The Capex Route

Cost trends and challenges in the C&I rooftop solar EPC market

By Sarthak Takyar

Commercial and industrial (C&I) customers have been adopting rooftop solar projects to reduce their electricity bills and meet their climate commitments. There are broadly two key models for the development of rooftop solar projects — capital expenditure (capex) and operating expenditure (opex). This article provides an overview of the capex model, covering its cost trends, key challenges and policy suggestions based on inputs by industry stakeholders.

Business model

The capex model is essentially the engineering, procurement and construction (EPC) mode of project development, in which the entire investment is borne by the customer who owns the asset. The cus­tomer also pays separately for operations and maintenance (O&M), being responsible for the performance of the rooftop solar plant. The customer is also responsible for obtaining regulatory app­rovals. The payback period for the investment is typically around four years. The customer can also avail of accelerated depreciation under the capex model. This incentive is not available under the op­ex model, wherein the entire investment is incurred by the developer.

“We approach our customers as energy co­nsultants. We understand the needs and provide solutions for reducing their operating expenses by setting up rooftop solar systems and battery solutions. Apart from reducing their electricity bills, we help them meet their climate go­als,” says Rajan Kapahi, executive vice pre­sident, sales and marketing, Jakson.
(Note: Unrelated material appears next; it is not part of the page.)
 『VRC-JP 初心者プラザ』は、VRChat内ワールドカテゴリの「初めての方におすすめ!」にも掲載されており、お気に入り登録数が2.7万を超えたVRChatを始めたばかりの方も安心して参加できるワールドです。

“Sometimes the customer is not willing to incur a high investment in the rooftop sol­ar system and opts for the opex model. In that case, a tripartite agreement is signed whereby the channel partners have mon­th­ly billing arrangements with the custo­mer and give the project responsibility to the EPC player,” he adds.
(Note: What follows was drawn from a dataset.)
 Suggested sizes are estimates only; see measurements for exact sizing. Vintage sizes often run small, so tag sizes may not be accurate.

The C&I rooftop solar space primarily be­came popular due to the entry of developers providing the opex or renewable energy service company model. In this model, there is zero upfront investment by the customer in the rooftop solar project. The customer only pays for the el­ec­tri­city consumed, which is almost alwa­ys lo­w­er than the grid tariff, and thus starts saving from the first day itself. The savings can range from 5 per cent to 50 per cent depe­nding on factors such as state grid tariffs, the type of metering and the technology used. Moreover, in the opex model, the customer does not spend on O&M, which is the responsibility of the developer. Given the absence of financial and regulatory risks, the opex model became the preferred ro­ute for many customers. This brings us to the question that why are some developers still working in the EPC space?

According to Pratik Bhatt, AVP, sales and marketing, InSolare Energy, the choice between the opex and capex models de­pends on the project size. Customers with large capacity demands prefer the opex model due to the high initial investment required to set up the plant. The decision also depends on the risk appetite of the customer. He adds that several innovations are taking place in the capex model such as the EMI mode of payment and the lease model, giving more options to the customer.
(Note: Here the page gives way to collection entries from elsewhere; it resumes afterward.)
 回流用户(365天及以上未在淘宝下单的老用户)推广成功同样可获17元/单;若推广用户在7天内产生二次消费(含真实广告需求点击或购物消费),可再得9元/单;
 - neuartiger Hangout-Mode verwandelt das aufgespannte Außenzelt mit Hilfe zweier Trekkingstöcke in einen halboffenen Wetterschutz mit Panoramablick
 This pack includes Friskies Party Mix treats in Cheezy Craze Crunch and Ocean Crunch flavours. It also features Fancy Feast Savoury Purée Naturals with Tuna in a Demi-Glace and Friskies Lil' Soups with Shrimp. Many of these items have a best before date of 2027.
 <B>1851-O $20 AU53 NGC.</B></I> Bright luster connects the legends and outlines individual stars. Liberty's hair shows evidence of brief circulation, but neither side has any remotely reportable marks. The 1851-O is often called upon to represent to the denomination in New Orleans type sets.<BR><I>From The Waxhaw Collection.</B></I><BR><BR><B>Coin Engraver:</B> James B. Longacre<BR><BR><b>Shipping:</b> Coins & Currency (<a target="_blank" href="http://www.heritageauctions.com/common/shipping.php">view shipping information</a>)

“There are several benefits of the capex model in rooftop solar development. Pre­viously, the cost of electricity from a roof­top solar system used to be high. Now, it has redu­ced to around Rs 5.5 per kWh. Therefore, due to savings in electricity bills, the payback period has decreased to three-and-a-half to four years. More­ov­er, there is a warranty of 25 years on the system, which reduces the risk for consumers,” says Kapahi.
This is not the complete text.